Вероятно, в 1969 году Самойлов, приступивший к работе над книгой прозы («Памятными записками»), написал словно бы на ее полях небольшую заметку «Литература и стихотворство».
«Лишь на пороге пятидесяти лет понял я, что занимался половину прожитой почти жизни стихотворством, иногда — поэзией, а о подлинном занятии литературой имел лишь общие абстрактные понятия.
Между тем литература — это не стихотворство, даже не поэзия (это лишь ее части и формы выражения), даже не самовитое, пусть хоть точнейшее и тончайшее, раскрытие личности, а служение, жертва и постоянное обновление соборного духа, обновление его в форме личного опыта мысли и чувствования.

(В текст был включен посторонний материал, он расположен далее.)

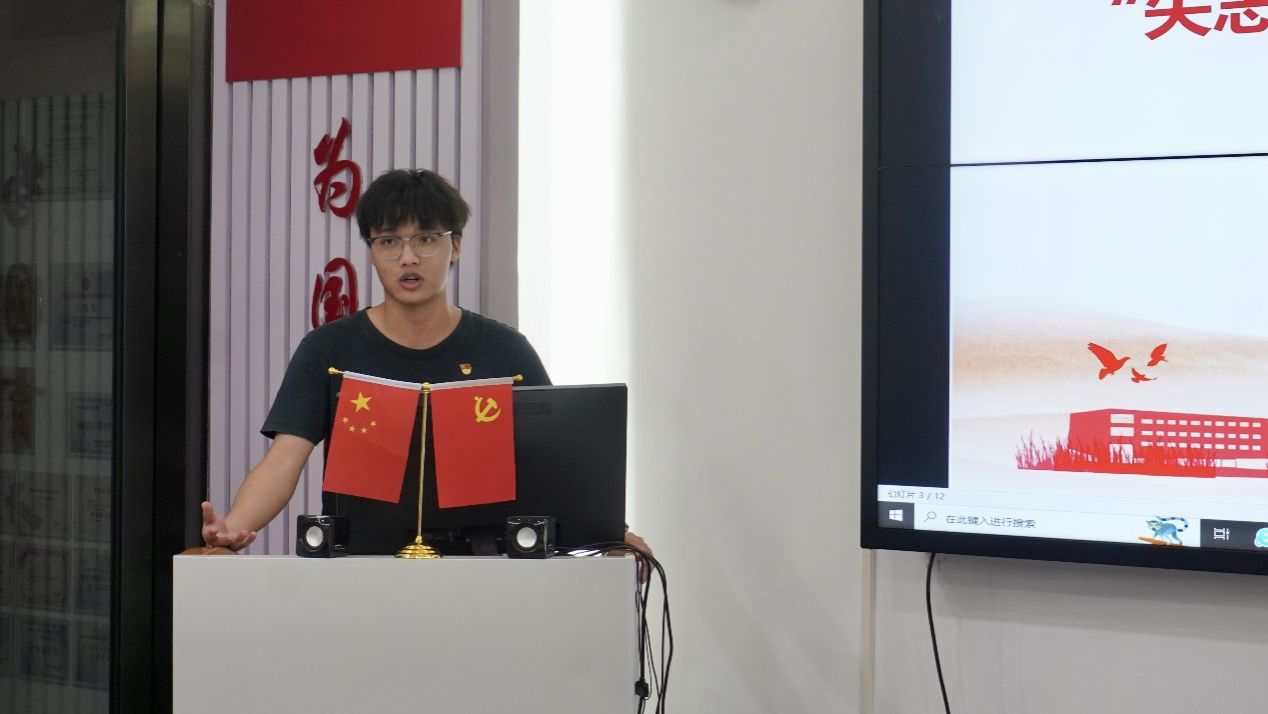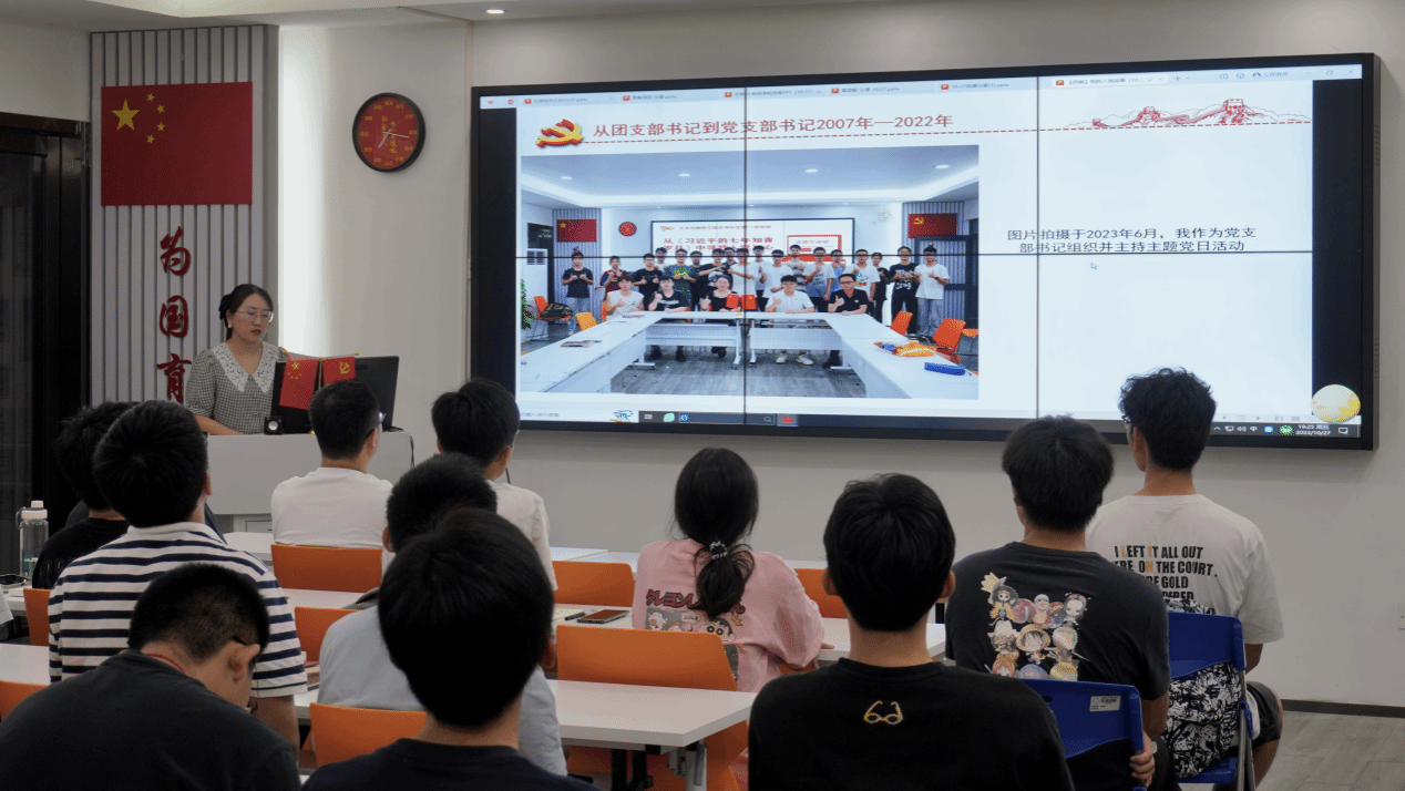 作为一名有着13年党龄的正式党员,支部书记苏朗以“追忆入党初心,强化使命担当”为题分享了她的入党故事。她的讲述分为“我的家乡——红色之城哈尔滨”、“从团支部书记到党支部书记”、“从企业HR到高校辅导员”三部分。她详细地讲述了今年暑假回到家乡参观侵华日军第七三一部队遗址及罪证陈列馆的经历,重温了曾经发生在东北黑土地上的一段苦难的记忆。接下来她讲述了自己从2007年的团支书书记到2022年的党支部书记这15年间中国经历的两次重大的突发公共事件——汶川大地震和新冠肺炎疫情,在大灾大难面前,中国共产党用实际行动彰显了“全心全意为人民服务”的宗旨。最后,她讲述了自己从企业HR回到校园成为高校辅导员的原因,“在最贴近年轻人的地方讲理想、讲信仰,影响一代又一代年轻人,助力他们成为有为、乐为和敢为的时代新青年。我觉得这是我成为高校辅导员的初衷和使命。”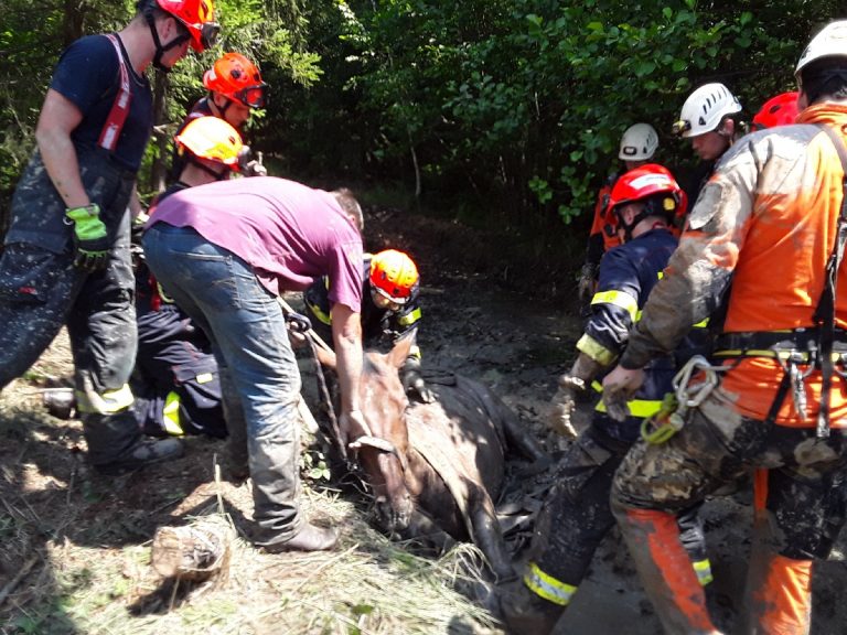 Brno, Jul 16 (BD) – On Wednesday, at around 11am, the South Moravian Fire Department (HZS JmK) received a report that a man had got stuck under his horse in the woods near the village of Ujezd u Rosic. By the time the firefighters arrived, the man had managed to get himself out of the situation, but the horse remained lying in a “swampy forest path,” said HZS JmK spokesman Jaroslav Mikoška.

Я понял, что усилия этого обновления радостны; что ничтожна застойная идея о сложившемся мире и о бесплодности единичного усилия к его обновлению. Литература и есть единичное усилие обновления. И коллективное усилие, то есть социальное действие, часто гораздо бесплодней единичного усилия литературы, ибо разнонаправленно и лишь внешне кажется устремленным к одной цели.
Я понял также — и не менее радостна эта мысль, — что никогда не поздно подвергнуть свое духовное существо этому усилию, ибо бессознательно все мы, снабженные дарованием к писанию, к поэзии или прозе, все мы всю жизнь дозреваем до литературы. Иные рано вызревают, другие поздно, а кто и совсем не дозревает; но это вызревание — внутренняя цель дарования. Счастливы дозревшие — и рано, и поздно.
Дарование — даровано. Но нельзя всю жизнь тешиться дарованием. Дарованное, но не обновленное, ветшает.
Здесь можно привести целый мартиролог нашей литературы — Тихонова, Сельвинского, Федина, Леонова, Фадеева — несть им числа, те, что не сделали единичного усилия обновления» [ПЗ: 549].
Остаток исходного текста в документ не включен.